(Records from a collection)
⁂

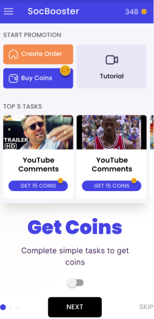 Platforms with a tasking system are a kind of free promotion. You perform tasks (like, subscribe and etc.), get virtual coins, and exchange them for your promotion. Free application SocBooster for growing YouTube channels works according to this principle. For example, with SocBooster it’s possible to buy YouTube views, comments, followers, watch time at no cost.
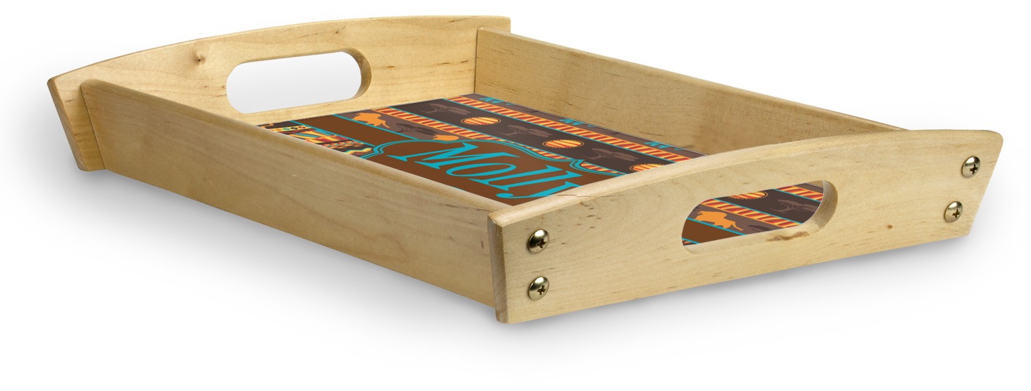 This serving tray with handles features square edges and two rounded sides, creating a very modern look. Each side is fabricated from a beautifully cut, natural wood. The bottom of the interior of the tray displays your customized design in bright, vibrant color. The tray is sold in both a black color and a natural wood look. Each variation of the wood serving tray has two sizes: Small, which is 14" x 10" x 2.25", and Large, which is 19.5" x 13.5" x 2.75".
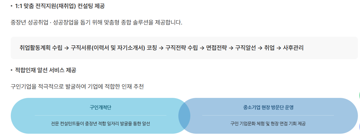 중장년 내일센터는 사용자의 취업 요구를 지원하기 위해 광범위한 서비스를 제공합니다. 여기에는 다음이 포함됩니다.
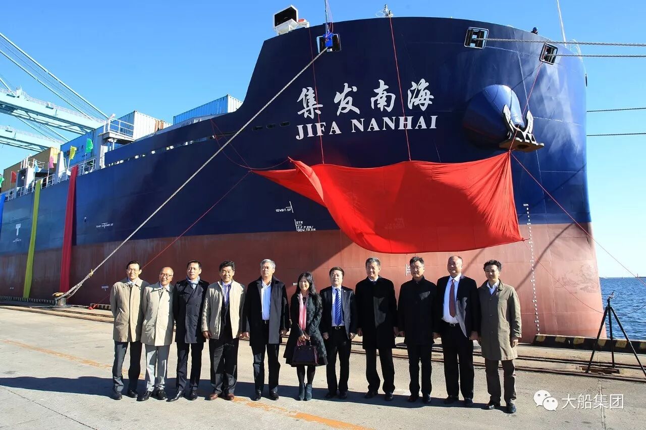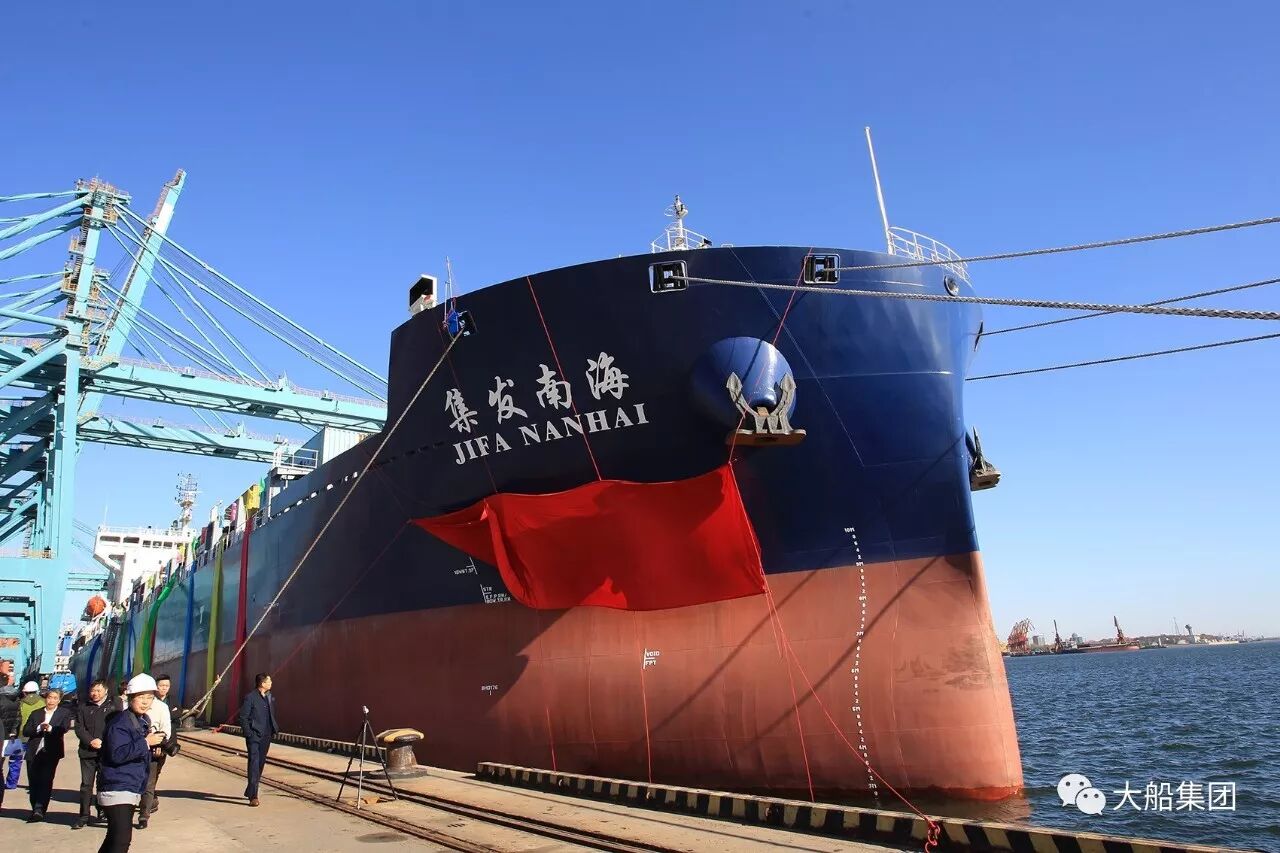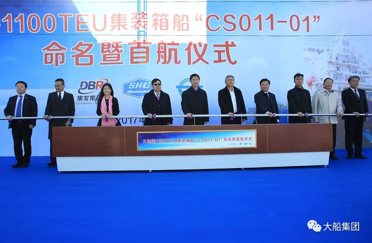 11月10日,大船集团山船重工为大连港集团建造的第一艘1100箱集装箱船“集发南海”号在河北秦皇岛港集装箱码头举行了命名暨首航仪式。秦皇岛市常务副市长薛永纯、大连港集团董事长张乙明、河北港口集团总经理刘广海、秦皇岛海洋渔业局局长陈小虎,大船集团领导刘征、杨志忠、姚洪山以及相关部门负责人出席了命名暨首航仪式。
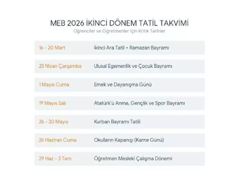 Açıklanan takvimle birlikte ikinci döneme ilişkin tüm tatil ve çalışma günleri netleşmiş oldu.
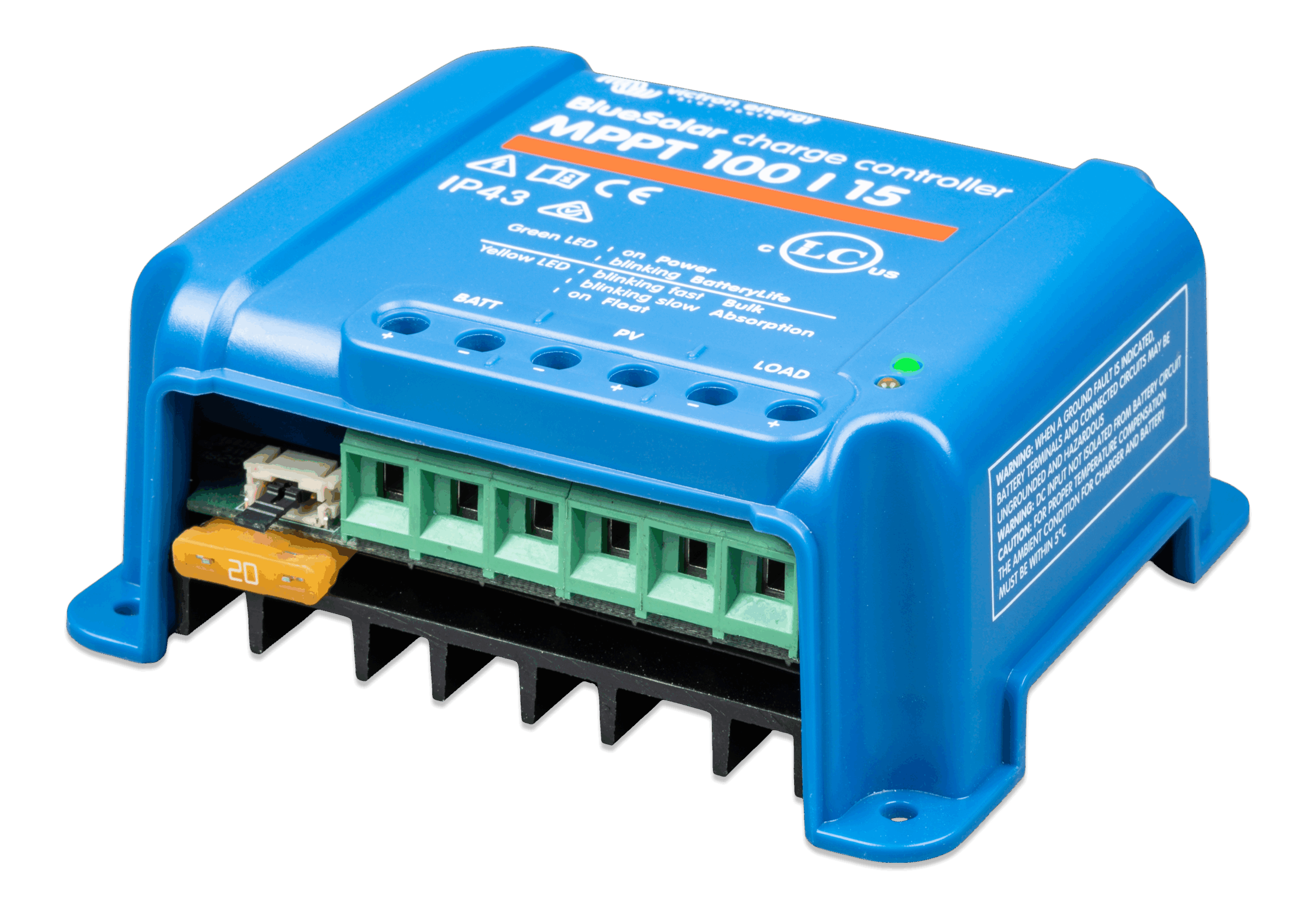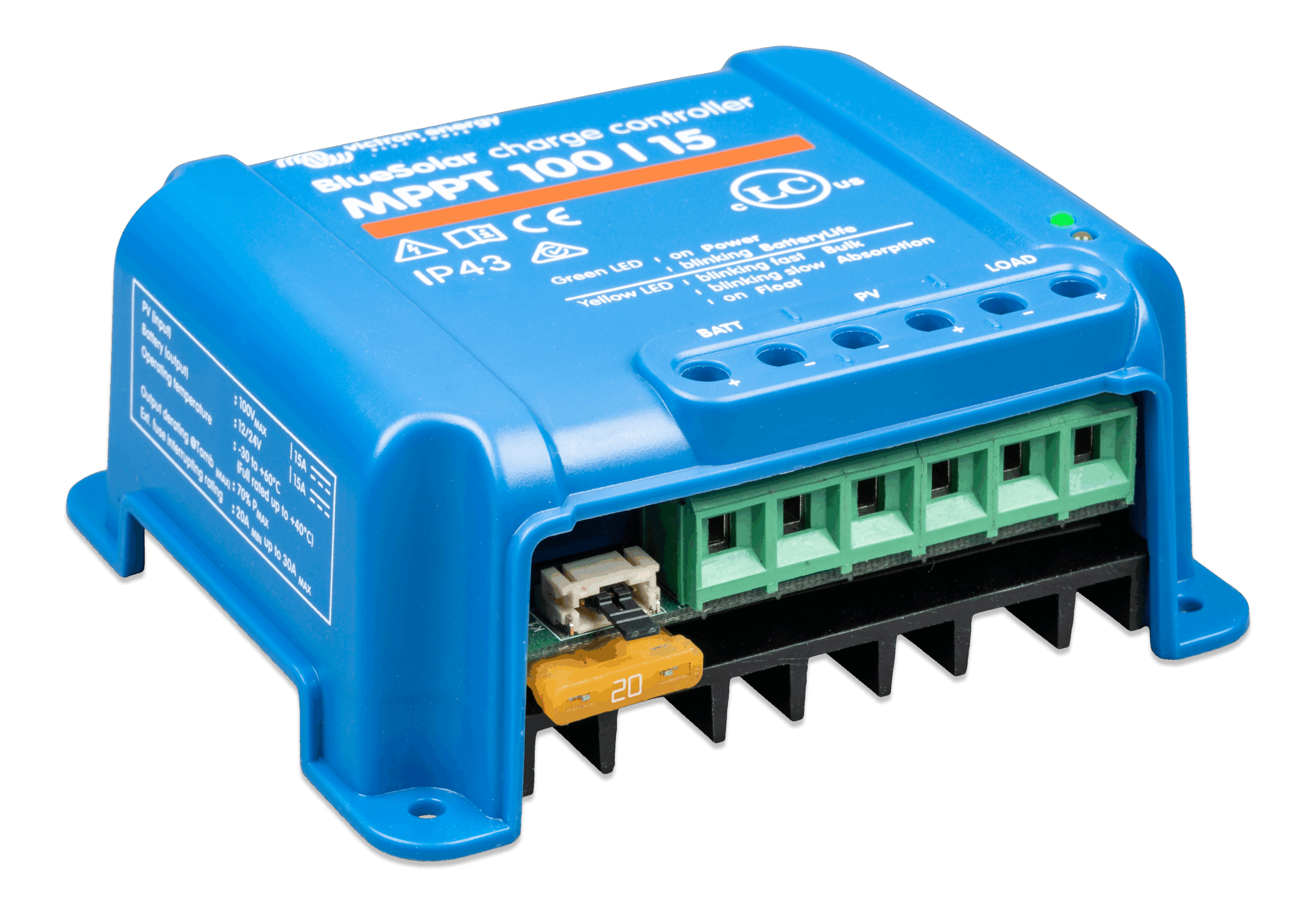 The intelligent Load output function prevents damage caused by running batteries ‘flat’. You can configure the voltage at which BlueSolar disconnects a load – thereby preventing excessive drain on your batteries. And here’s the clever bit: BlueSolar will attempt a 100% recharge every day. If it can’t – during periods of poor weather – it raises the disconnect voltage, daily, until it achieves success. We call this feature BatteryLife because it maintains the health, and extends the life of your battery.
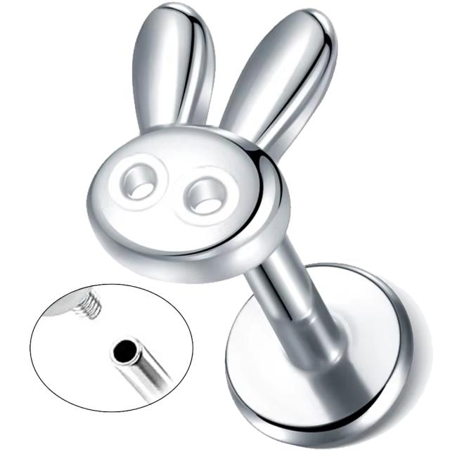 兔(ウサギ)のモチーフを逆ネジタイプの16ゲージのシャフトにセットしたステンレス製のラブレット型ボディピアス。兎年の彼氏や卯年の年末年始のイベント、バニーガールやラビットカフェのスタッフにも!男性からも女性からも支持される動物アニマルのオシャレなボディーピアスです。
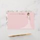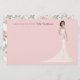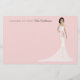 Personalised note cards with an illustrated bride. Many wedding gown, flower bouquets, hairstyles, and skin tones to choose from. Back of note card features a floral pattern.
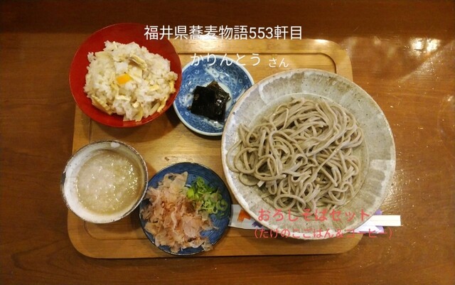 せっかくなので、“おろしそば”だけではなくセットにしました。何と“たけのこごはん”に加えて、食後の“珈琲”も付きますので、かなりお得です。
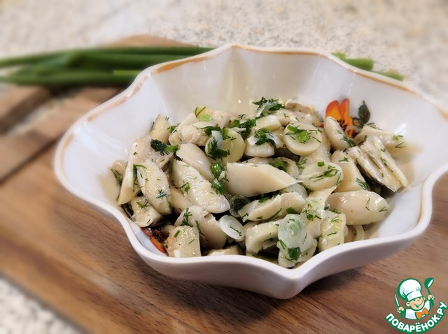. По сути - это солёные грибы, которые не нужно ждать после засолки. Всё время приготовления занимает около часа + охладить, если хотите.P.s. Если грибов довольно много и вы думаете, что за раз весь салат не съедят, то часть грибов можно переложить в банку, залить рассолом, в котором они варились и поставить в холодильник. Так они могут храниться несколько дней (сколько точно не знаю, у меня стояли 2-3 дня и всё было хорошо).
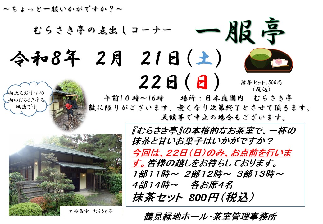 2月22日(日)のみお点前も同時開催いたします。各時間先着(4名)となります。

⁂

_What the task asks:_
Skip every picture, and restate word for word only the lines above from the line containing "This serving tray" to the line containing "Açıklanan takvimle birlikte", both of them included.

_Written solution:_
 This serving tray with handles features square edges and two rounded sides, creating a very modern look. Each side is fabricated from a beautifully cut, natural wood. The bottom of the interior of the tray displays your customized design in bright, vibrant color. The tray is sold in both a black color and a natural wood look. Each variation of the wood serving tray has two sizes: Small, which is 14" x 10" x 2.25", and Large, which is 19.5" x 13.5" x 2.75".
 중장년 내일센터는 사용자의 취업 요구를 지원하기 위해 광범위한 서비스를 제공합니다. 여기에는 다음이 포함됩니다.
 11月10日,大船集团山船重工为大连港集团建造的第一艘1100箱集装箱船“集发南海”号在河北秦皇岛港集装箱码头举行了命名暨首航仪式。秦皇岛市常务副市长薛永纯、大连港集团董事长张乙明、河北港口集团总经理刘广海、秦皇岛海洋渔业局局长陈小虎,大船集团领导刘征、杨志忠、姚洪山以及相关部门负责人出席了命名暨首航仪式。
 Açıklanan takvimle birlikte ikinci döneme ilişkin tüm tatil ve çalışma günleri netleşmiş oldu.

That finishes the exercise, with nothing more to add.